APIs are slower on first requests — JIT compilation, connection pool initialization, cold caches. Always discard warm-up results:

// k6: discard first 30 seconds as warm-up
export const options = {
  stages: [
    { duration: '30s', target: 10 },   // warm-up (not measured)
    { duration: '2m',  target: 10 },   // steady state (measured)
    { duration: '10s', target: 0  },   // ramp-down
  ],
  thresholds: {
    // Only check thresholds after warm-up
    'http_req_duration{phase:steady}': ['p(95)<200'],
  },
};

export default function () {
  const phase = __VU <= 10 && __ITER < 5 ? 'warmup' : 'steady';
  const tags = { phase };
  http.get('https://api.example.com/products', { tags });
}

Sample Size

More samples = more statistical confidence. For latency benchmarks, aim for at least:

  • 1,000 requests for p95 accuracy
  • 10,000 requests for p99 accuracy
  • 100,000 requests for p99.9 accuracy

p99 calculated from 100 samples is nearly meaningless — the 99th percentile of 100 samples is just the maximum.

Controlling Variables

# Bad: benchmark on developer laptop with other processes running
wrk -t4 -c100 -d60s http://localhost:8000/api/products

# Good: benchmark on dedicated CI runner with consistent hardware
# - Same instance type (e.g., c5.xlarge) every time
# - Benchmark against staging, not production
# - Run at the same time of day to avoid traffic-driven DB cache differences
# - Use the same dataset (seed the DB before each benchmark run)

Tool: wrk

wrk is a C-based HTTP benchmarking tool that produces minimal overhead, making it good for measuring raw throughput:

# Basic benchmark: 12 threads, 400 connections, 30 seconds
wrk -t12 -c400 -d30s http://staging.example.com/api/products

# Output:
# Running 30s test @ http://staging.example.com/api/products
#   12 threads and 400 connections
#   Thread Stats   Avg      Stdev     Max   +/- Stdev
#     Latency    87.32ms   22.41ms  350.12ms   74.23%
#     Req/Sec   374.22     82.15    780.00     68.50%
#   Latency Distribution
#      50%   81.44ms
#      75%   95.22ms
#      90%  117.31ms
#      99%  182.54ms
#   134120 requests in 30.03s, 22.50MB read
# Requests/sec:   4466.28

# With custom Lua script (POST with auth)
wrk -t4 -c50 -d30s -s benchmark.lua http://staging.example.com/api/orders
-- benchmark.lua
wrk.method = 'POST'
wrk.headers['Content-Type'] = 'application/json'
wrk.headers['Authorization'] = 'Bearer bench-token'
wrk.body = '{"item_id": 1, "quantity": 1}'

Tool: hey (Go)

hey is a simpler alternative to wrk with friendlier output:

# 200 requests, 50 concurrent
hey -n 200 -c 50 http://staging.example.com/api/products

# With headers and POST body
hey -n 1000 -c 20 \
  -m POST \
  -H 'Content-Type: application/json' \
  -H 'Authorization: Bearer bench-token' \
  -d '{"item_id": 1, "qty": 1}' \
  http://staging.example.com/api/orders

# Output includes:
# Response time histogram
# Latency distribution (p50, p75, p90, p95, p99)
# Status code distribution

Statistical Analysis

Do not compare benchmark runs using mean latency alone.
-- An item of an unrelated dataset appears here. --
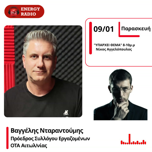 Ο πρόεδρος του Συλλόγου ΟΤΑ Εργαζομένων Αιτ/νίας, Βαγγέλης Νταραντούμης στον Energy 94.2

Mean is sensitive to outliers. Use percentiles:

import statistics
import json

def analyze_benchmark(latencies_ms: list[float]) -> dict:
    sorted_lat = sorted(latencies_ms)
    n = len(sorted_lat)
    return {
        'count': n,
        'mean': statistics.mean(sorted_lat),
        'median': statistics.median(sorted_lat),
        'stdev': statistics.stdev(sorted_lat),
        'p50': sorted_lat[int(n * 0.50)],
        'p90': sorted_lat[int(n * 0.90)],
        'p95': sorted_lat[int(n * 0.95)],
        'p99': sorted_lat[int(n * 0.99)],
        'max': max(sorted_lat),
    }

baseline = analyze_benchmark(load_baseline_results())
current  = analyze_benchmark(load_current_results())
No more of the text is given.